La tercera de las condiciones impuestas por Carles Puigdemont en la venta de sus siete votos al mejor postor es el “mecanismo de mediación y verificación” en las negociaciones con el PSOE o el PP, que tanto le daba el uno como el otro, puede que en el fondo prefiriera el PP por las “coincidencias programáticas” en las respectivas agendas sociales.

La expresión “mecanismo” edulcora figuras que, llámense mediador, relator, coordinador, notario, grefier, aunque supongan distintas funciones o matices, vienen a ser lo mismo en la lógica ideológica de los dirigentes del independentismo. No perdamos el tiempo con el nombre de la “cosa”.

Puigdemont justifica la necesidad del mediador –quedémonos con esta figura porque es la que mejor encaja en los planes del vendedor– por la “desconfianza hacia el Estado”.

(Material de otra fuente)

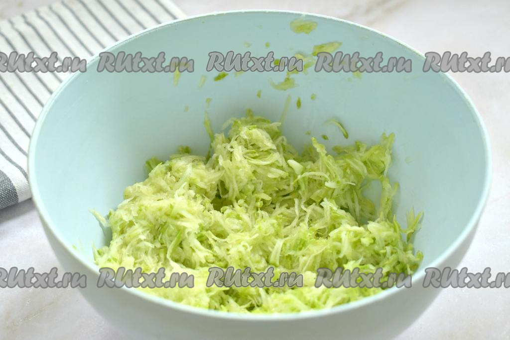 250 грамм подготовленного кабачка натираем на мелкой тёрке. Получившуюся кабачковую массу хорошо отжимаем руками (выделившийся сок нам не понадобится).
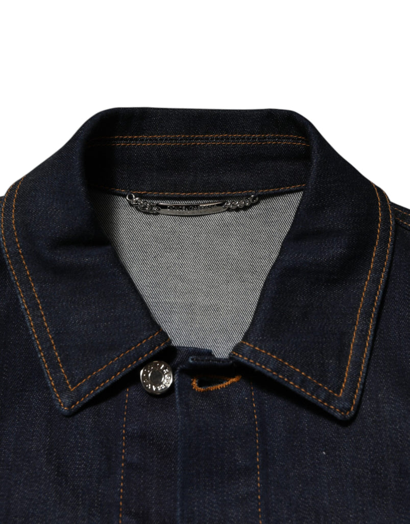 Absolutely stunning, 100% Authentic, brand new with tags Dolce & Gabbana denim jacket. Crafted from premium indigo blue cotton denim, it features a slim fit silhouette, bold contrast stitching, silver-tone logo-engraved buttons, and signature DG logo patch embroidery on the chest. A timeless staple for elevating any smart-casual outfit.
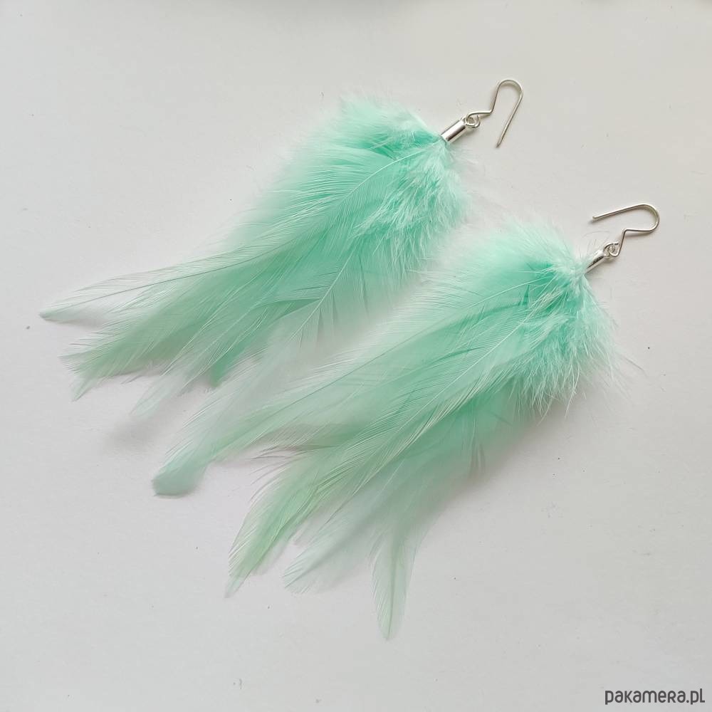 PIÓRKO kolczyki - stylowy dodatek. Połączenie lekkości piórka i trwałości metalu. Metal niezwykle kontrastuje z naturalnym barwionym puchem. Kolczyki wykonane są z : srebro, naturalne barwione pióra. Bigle otwarte - srebro pr.925. Długość z biglami -14 cm. Kolczyki są lekkie . Polecam!.
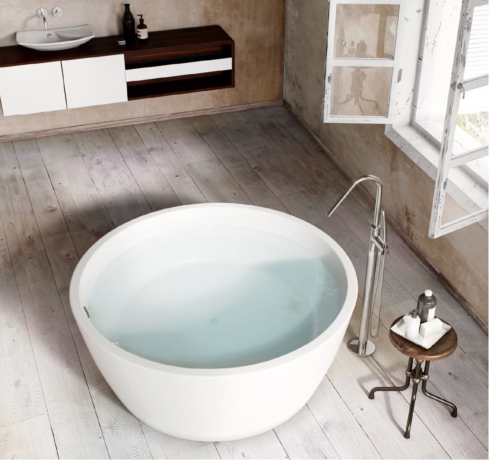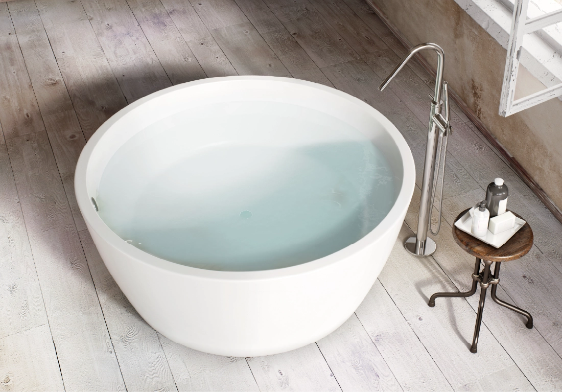 The core material is consisted of marble, resin and polymer with the use of high technology invention from Germany in the manufacturing process. These materials are produced under vacuum thereby eliminating all trapped air making them non porous and thus absorbing much less water than their natural counterpart. The result is a unique and versatile materialperfect for making luxurious bathtubs.
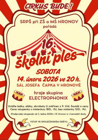 SRPŠ při ZŠ a MŠ Hronov si Vás dovoluje pozvat na 16. školní ples.
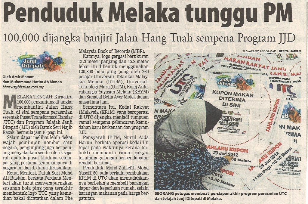 Penduduk Melaka tunggu PM 100,000 dijangka banjiri Hang Tuah sempena Program JJD
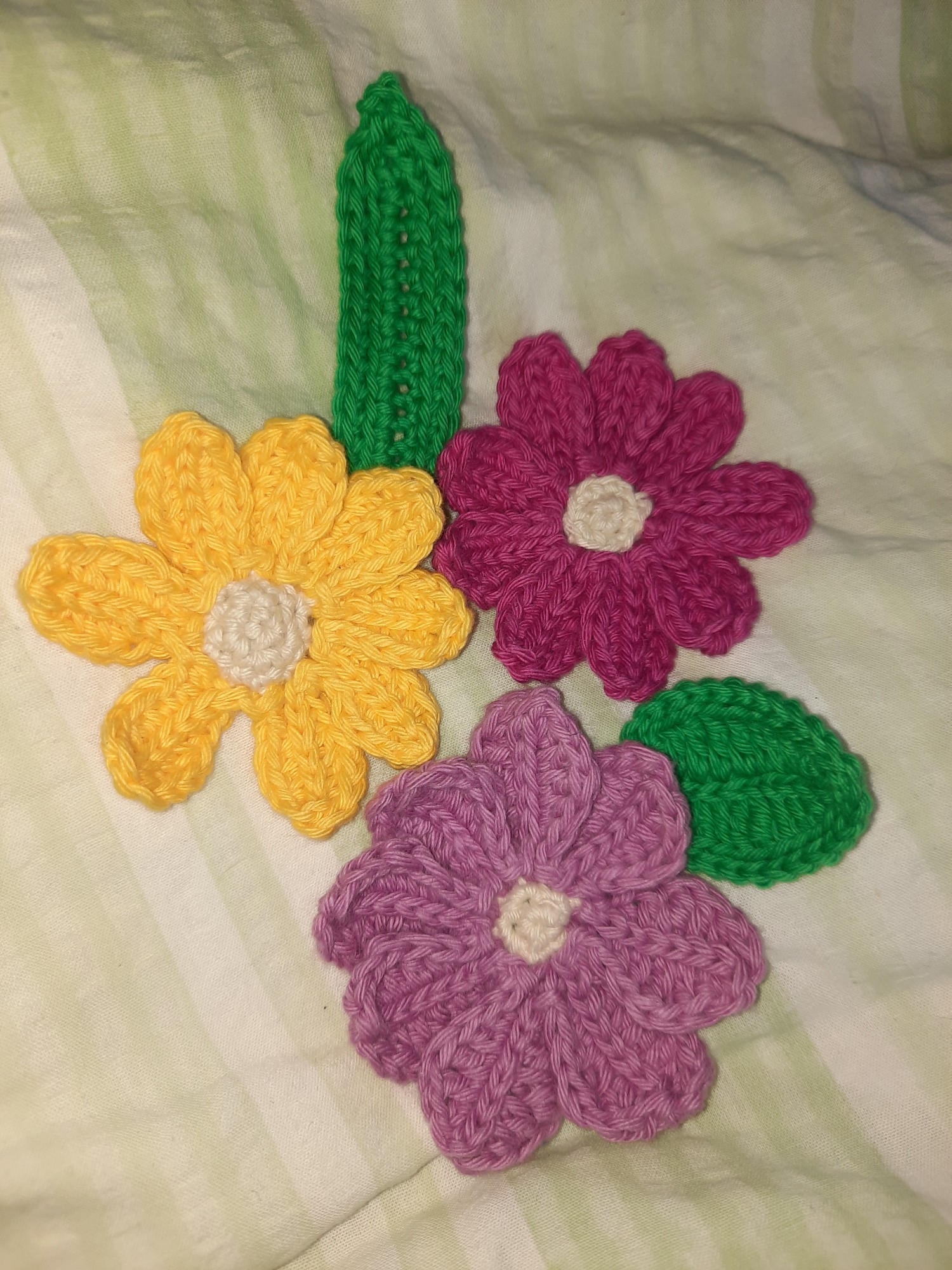 Also ich würde auch Blüten und Blätter häkeln. Gibts da ein Zeitlimit, oder ist es egal, bis wann sie fertig sein müssen. Gestorben wird ja immer irgendwie.
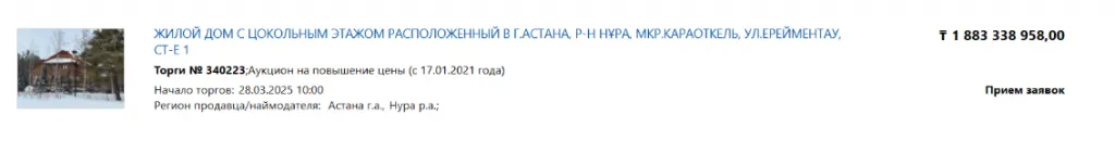 Дом Масимова выставили на торги впервые в феврале 2025 года. Желающих приобрести недвижимость не нашлось. Во второй раз особняк пытались продать в марте 2025 года. Стартовая цена осталась неизменной – 1,8 млрд тенге. Но на аукцион вновь не поступили заявки.
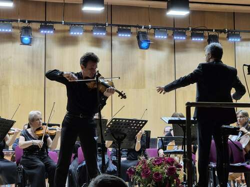 Светлин Русев, който от години си сътрудничи с плевенските филхармоници и с композитора и диригент М. Ламбов, ще изпълни и красивата цигулкова творба Интродукция и Рондо капричиозо от Камий Сен-Санс.
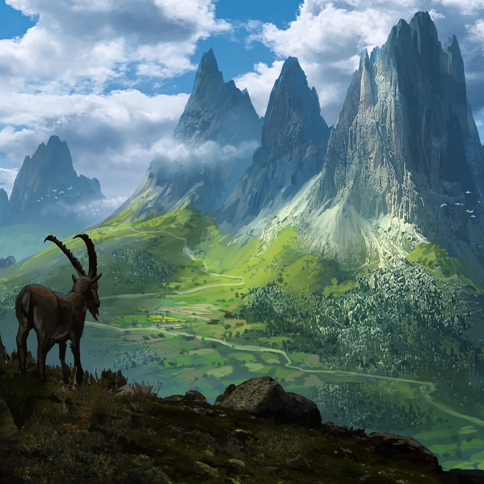 David Frasheski, Clouds, Rocks, Artwork, Goats 4K Desktop and Mobile Wallpaper Background with a maximum resolution of 3840x2259 px.
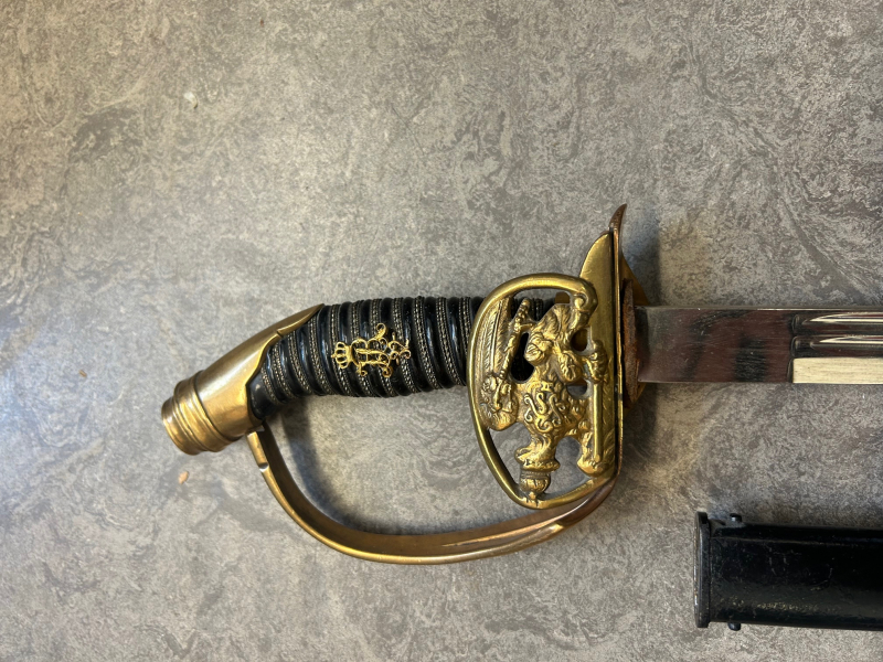 Messinggefäß mit Klappscharnier, Adler noch mit allen Herrscherinsignien. Griff mit intakter Drahtwicklung. Beidseitig blanke Klinge, auf der vorderen Seite befindet sich der Herstellerstempel Weyersberg & Co.Solingen Die Scheide ist schwarz-lackiert in guter Erhaltung, aber ich denke nicht mehr in Gänze Originallack.

Una desconfianza invocada por Puigdemont resulta un relato orwelliano, una forma de antífrasis, porque qué confianza se puede tener en el desconfiado Puigdemont que declara y suspende nada menos que una independencia, se larga de noche a Bruselas después de haber convocado a los consejeros de su Gobierno para la mañana del día siguiente, exige una amnistía por actos delictivos que dice que son normales sin renunciar a la libertad de repetirlos, utiliza el acta de eurodiputado no para trabajar por Europa, sino para denigrar a España desde su escaño, etcétera.

Pero tampoco la desconfianza es el principal motivo de la condición. Esta encuentra su fundamento en una suerte de autoengaño para un engaño externo masivo. Junts, en la ponencia política de junio de 2022 y en el programa electoral de julio de 2023, ambos con el nihil obstat de Puigdemont, ya formulaba la exigencia del mediador internacional, una figura que en la doctrina y la práctica internacionales está concebida para la resolución de conflictos armados o políticos entre entes soberanos o en los que una parte aspira a la soberanía.   

Desde esta óptica, el mediador internacional supondría bilateralidad entre soberanías, el reconocimiento pues de una soberanía de Cataluña que, representada por el movimiento independentista y para la ocasión por el propio Puigdemont, se situaría a la altura jurídica de la otra parte, el Estado, representado en la negociación por un partido de estado, PSOE o PP. En este momento, le sirve más el PSOE, el partido del candidato Pedro Sánchez, una vez fallida la investidura de Núñez Feijóo.

La base argumental y jurídica de esta bilateralidad arranca de la resolución del Parlament 5/X de enero de 2013, aprobada por la mayoría absoluta independentista, “de inicio del proceso para hacer efectivo el ejercicio del derecho a decidir” con base en el pretendido carácter del “pueblo de Cataluña de sujeto político y jurídico”. La resolución fue anulada por el Tribunal Constitucional en marzo de 2014.

Aun rebatida y anulada por el alto tribunal, esa idea de sujeto “soberano” continúa viva en el imaginario independentista y reaparece, aducida abierta o implícitamente, en momentos solemnes, por ejemplo, en el discurso de toma de posesión de la presidencia del Parlament por Laura Borràs en marzo de 2021 y repetida en el discurso de su sucesora, Anna Erra, en junio de 2023.

La participación del mediador internacional tendría una doble significación: la político-jurídica de asentar una bilateralidad, algo inaceptable por el Estado porque vulnera la Constitución; además, suponer una soberanía de Cataluña menoscabaría la del Estado, y la estético-política de mostrar al mundo la “humillación” del Estado por el reconocimiento forzado del independentismo como interlocutor en un “conflicto”, algo a evitar por la devaluación exterior de la imagen de España.

Otra cosa es la interlocución entre partidos políticos –verbigracia, PSOE y Junts–, legítima e incluso obligada a tenor de la función que les reserva el artículo 6 de la Constitución al considerarlos “instrumento fundamental para la participación política”. Pero Puigdemont no está pensando en esta noble función, sino en cómo sacar tajada personal y política de sus siete votos.

Uno se puede imaginar la gozada de Puigdemont –si entretanto no hubiera sido definitivamente invalidada su acta de eurodiputado por el Tribunal de Justicia de la Unión Europea– alardeando en una intervención en el pleno del Parlamento Europeo de haber obtenido, gracias a sus dotes de estadista, “la mediación internacional en el conflicto de Cataluña con España”.

El Estado no puede consentir que sus poderes sean controlados por terceros impuestos por un chamarilero de votos. Hay pues holgadas razones para no aceptar ningún “mecanismo de mediación y verificación”, que, por lo demás, objetivamente no hace falta.

Ante la tragedia de los inmisericordes bombardeos de Ucrania y Gaza sin mediadores para pararlos resulta todavía más insoportable la maliciosa pretensión de Puigdemont.

Queda una cuarta condición por analizar.